> **What to work on**
Every line in the listing below from the one with "Fanúšikovia počas zápasu" through the one with "[SET] ホルターネックノースリーブ+シースルーレースTシャツセット" is to be reproduced exactly, both ends included; leave out the rest.

> **Recorded information**
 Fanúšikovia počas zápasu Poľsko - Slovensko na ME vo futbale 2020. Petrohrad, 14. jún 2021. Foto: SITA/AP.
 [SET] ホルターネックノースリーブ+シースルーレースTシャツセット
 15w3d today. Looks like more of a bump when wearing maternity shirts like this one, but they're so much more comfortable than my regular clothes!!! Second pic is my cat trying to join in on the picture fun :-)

---

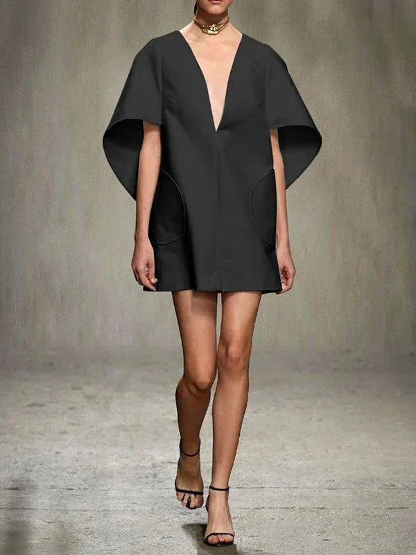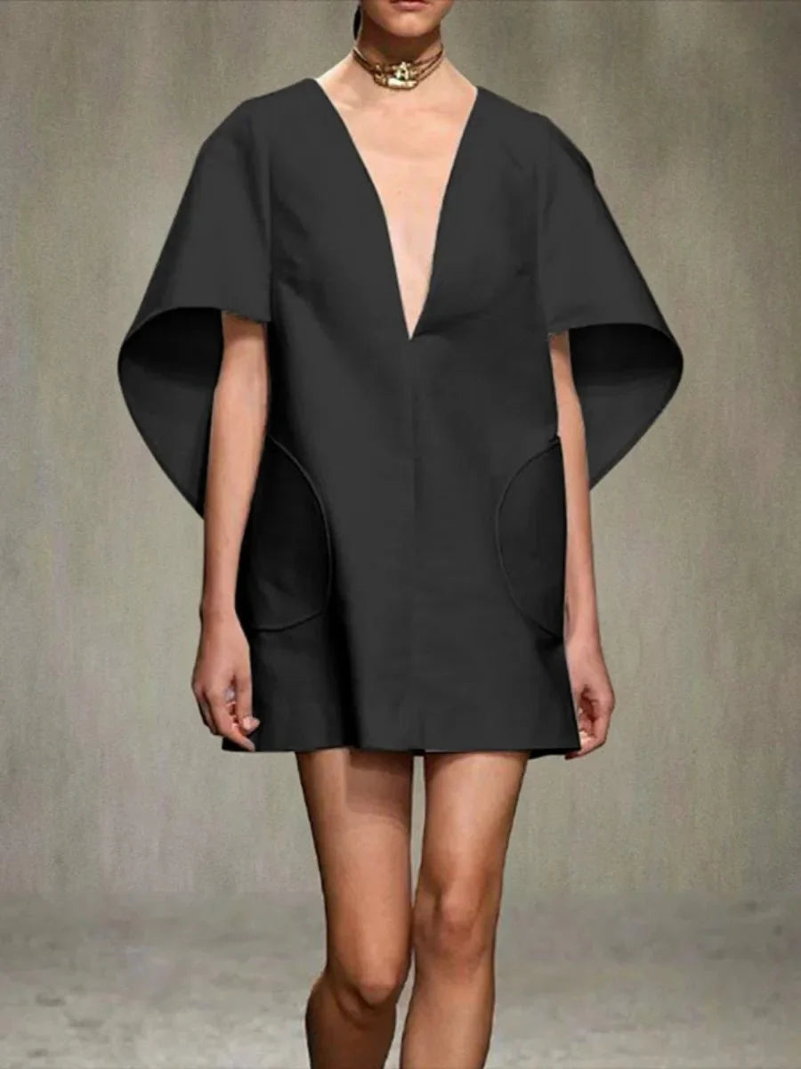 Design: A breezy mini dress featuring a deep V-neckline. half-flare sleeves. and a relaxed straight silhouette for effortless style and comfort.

> **Result of this exercise**
 Fanúšikovia počas zápasu Poľsko - Slovensko na ME vo futbale 2020. Petrohrad, 14. jún 2021. Foto: SITA/AP.
 [SET] ホルターネックノースリーブ+シースルーレースTシャツセット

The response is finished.